→ Data for the task
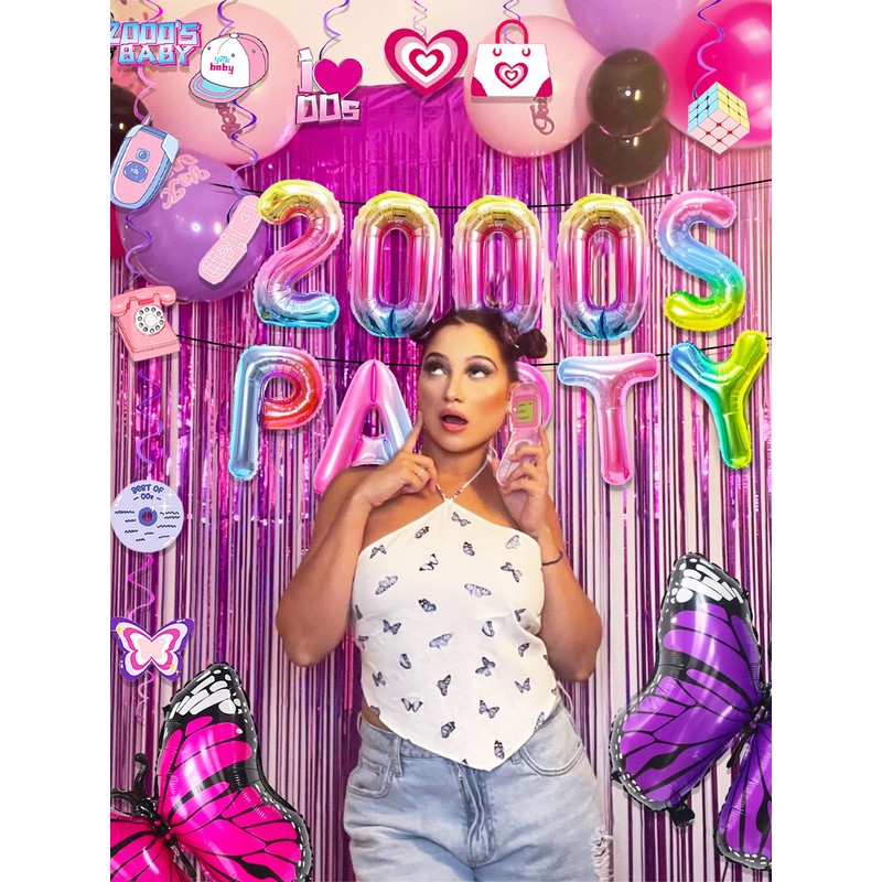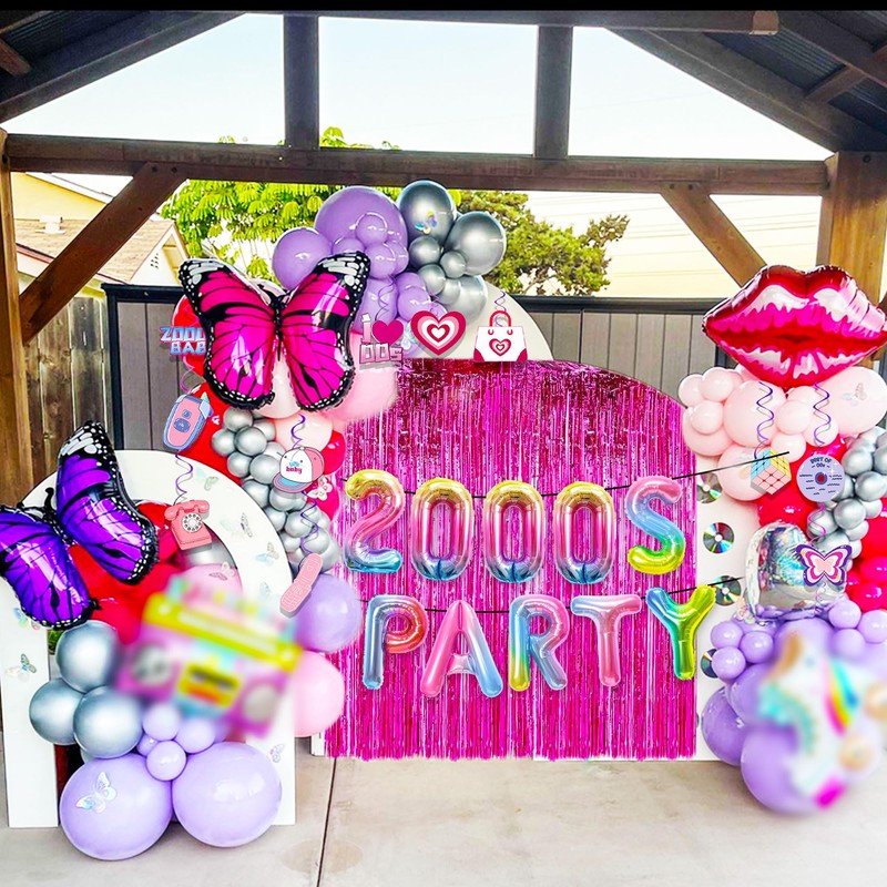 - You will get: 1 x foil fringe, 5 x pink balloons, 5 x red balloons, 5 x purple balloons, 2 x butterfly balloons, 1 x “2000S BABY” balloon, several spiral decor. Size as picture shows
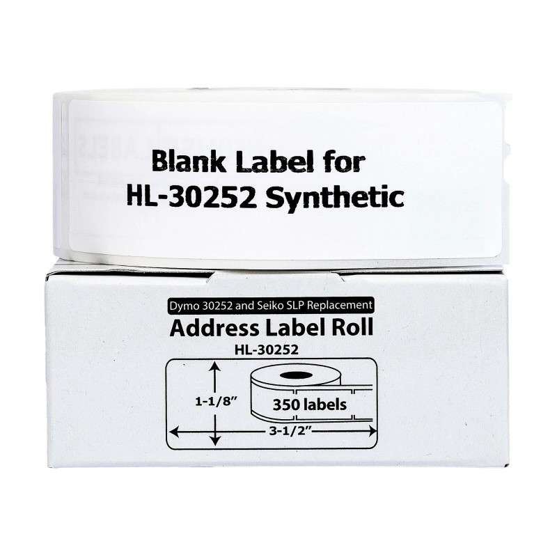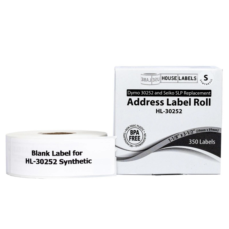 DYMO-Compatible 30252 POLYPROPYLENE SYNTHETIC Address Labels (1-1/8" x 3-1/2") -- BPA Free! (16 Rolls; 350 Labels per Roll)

---

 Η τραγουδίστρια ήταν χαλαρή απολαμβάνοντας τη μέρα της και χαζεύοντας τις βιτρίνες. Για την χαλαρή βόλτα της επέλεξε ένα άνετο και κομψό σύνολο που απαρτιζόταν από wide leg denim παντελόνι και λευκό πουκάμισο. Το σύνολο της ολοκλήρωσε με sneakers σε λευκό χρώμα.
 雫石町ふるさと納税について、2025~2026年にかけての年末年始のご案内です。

→ Task to complete
Take the material above from the line bearing "- You will get: 1" through the line bearing "DYMO-Compatible 30252 POLYPROPYLENE" and write it out exactly, both end lines included. Pictures stay out.

→ Response to the task
 - You will get: 1 x foil fringe, 5 x pink balloons, 5 x red balloons, 5 x purple balloons, 2 x butterfly balloons, 1 x “2000S BABY” balloon, several spiral decor. Size as picture shows
 DYMO-Compatible 30252 POLYPROPYLENE SYNTHETIC Address Labels (1-1/8" x 3-1/2") -- BPA Free! (16 Rolls; 350 Labels per Roll)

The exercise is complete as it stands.